Serologic evidence of infection was observed in 5 (19.2%) of 26 ICU patients. None of the 50 control patients was positive for mimivirus (p < 0.01). Mimivirus DNA was detected in bronchoalveolar lavage specimen from a 60-year-old comatose patient who had 2 episodes of hospital-acquired pneumonia during hospitalization in ICU. Mimivirus DNA was amplified from the second episode sample only. The sequenced amplified fragment was 100% homologous to the target DNA (GenBank accession no. AY026860). No serum sample was available from this patient. None of the DNA extracts from control microorganism showed a positive PCR reaction. The finding of mimivirus DNA in the bronchoalveolar lavage specimens from an ICU patient with nosocomial pneumonia confirms that mimivirus may reach the respiratory tract of these patients. Because of the procedure used for suicide PCR amplification, contamination appears highly unlikely. In this patient, however, we cannot distinguish colonization and infection, but this feature is common to most microorganisms isolated from respiratory samples.

This high rate of seroconversion observed in patients with pneumonia from our seroepidemiologic study suggests that community-acquired pneumonia and hospital-acquired pneumonia patients may have contact with mimivirus or a cross-reacting agent.
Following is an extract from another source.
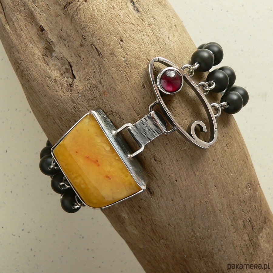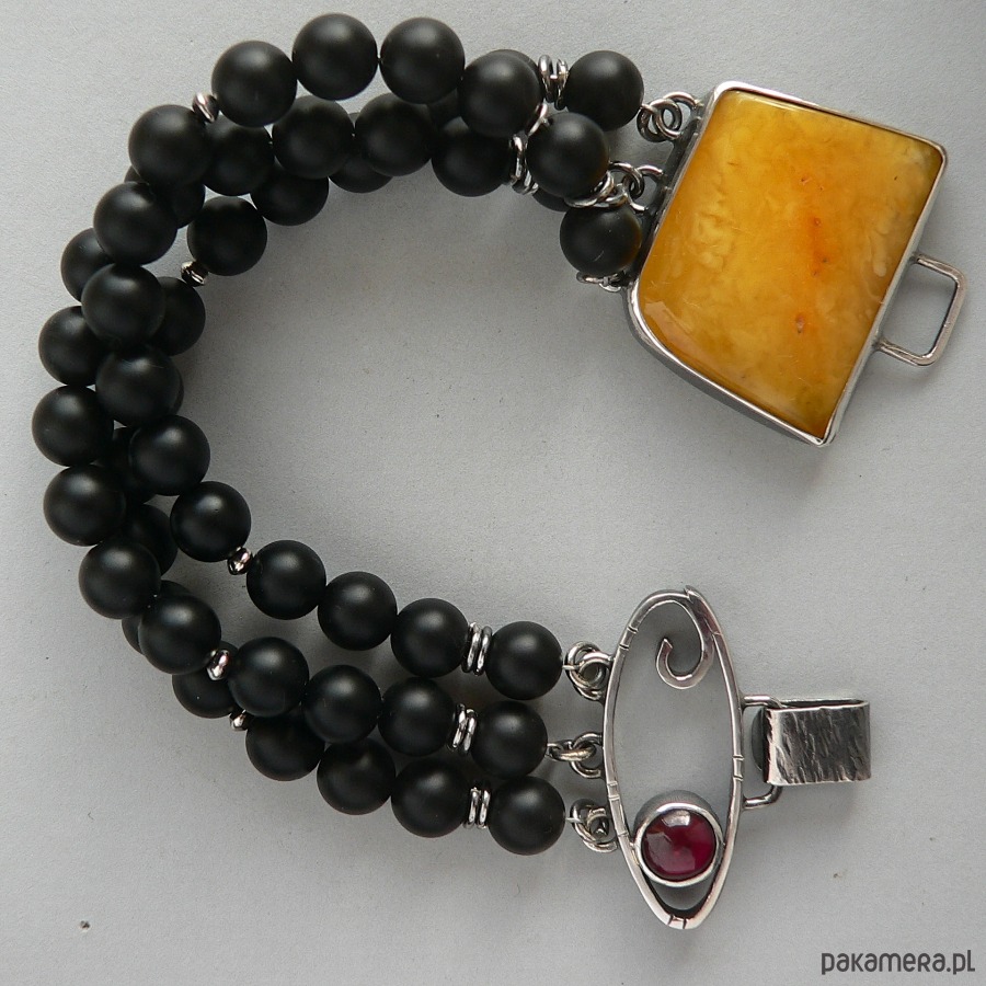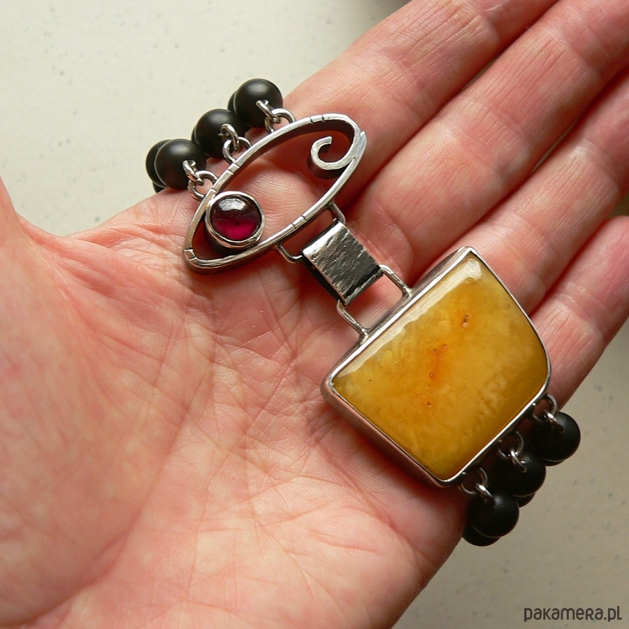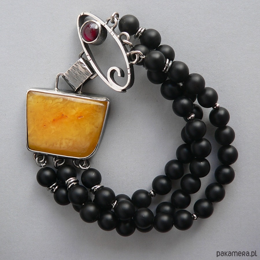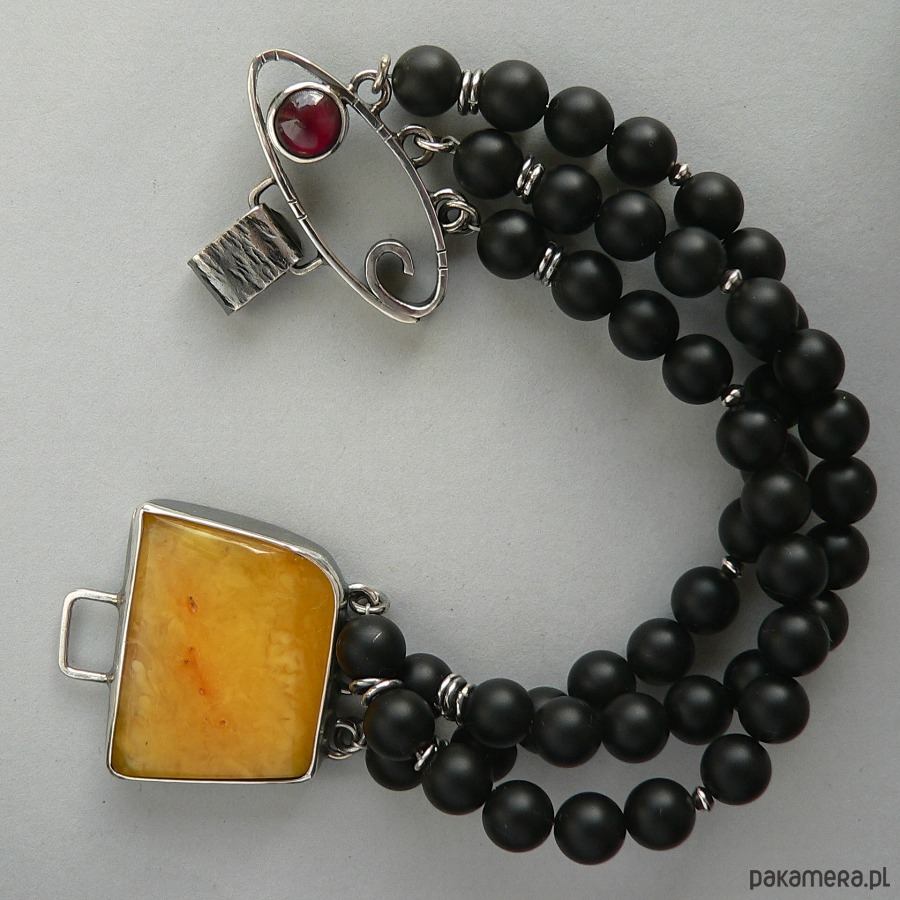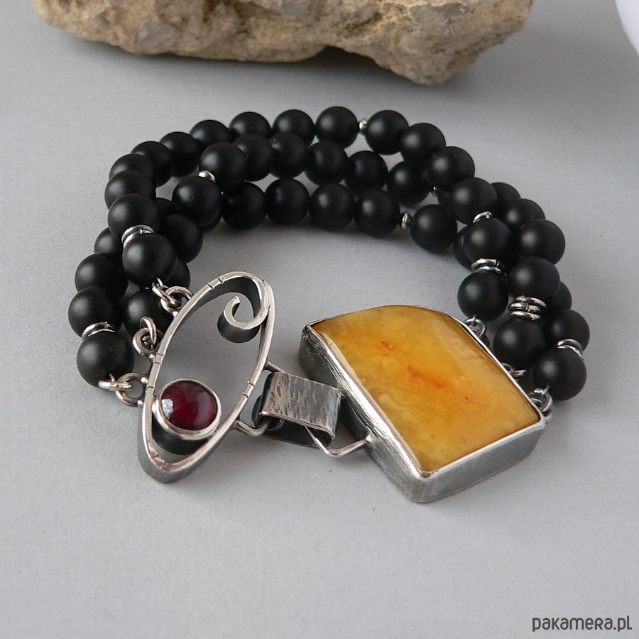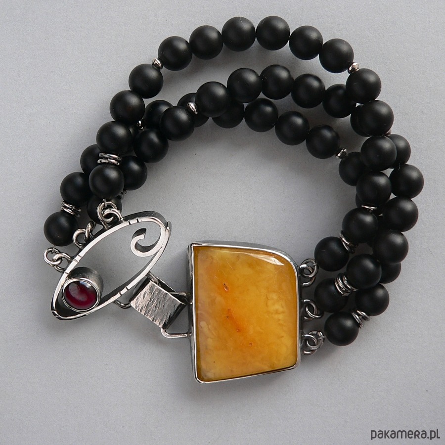 Masywna, okazała bransoleta wykonana ze srebra, naturalnego, bałtyckiego bursztynu, półmatowych onyksów i granatu. Srebro fakturowane i oksydowane. Błyszczące detale znakomicie kontrastują z eleganckimi onyksami o półmatowym wykończeniu. Średnica onyksów- 8 mm, wymiary bursztynu- 3,4/2,8 cm , wymiary elementu zdobionego granatem 3,6/1,8 cm, granat- 0,8 cm Bransoletka pasuje na nadgarstek o obwodzie 17,5-18 cm Bursztyn posiada naturalne wżerki na powierzchni.

As we do not report direct evidence of infection by mimivirus, these results have to be interpreted with caution. Viruses usually have a broad range of hosts, but the extraordinary size of the mimivirus genome (1.2 Mb), comparable to that of small bacteria such as Mycoplasma (17), suggests a possible adaptation to an extended range of hosts. We propose that mimivirus be tested as a possible novel human pathogen among ameba-resisting microorganisms. These results are preliminary, but raise the question of the pathogenic potential of the biggest identified virus to date. Mimivirus is an agent easy to cultivate and is freely available from our laboratory on request to researchers working on pneumonia who wish to introduce mimivirus antigen in serologic tests to confirm our results.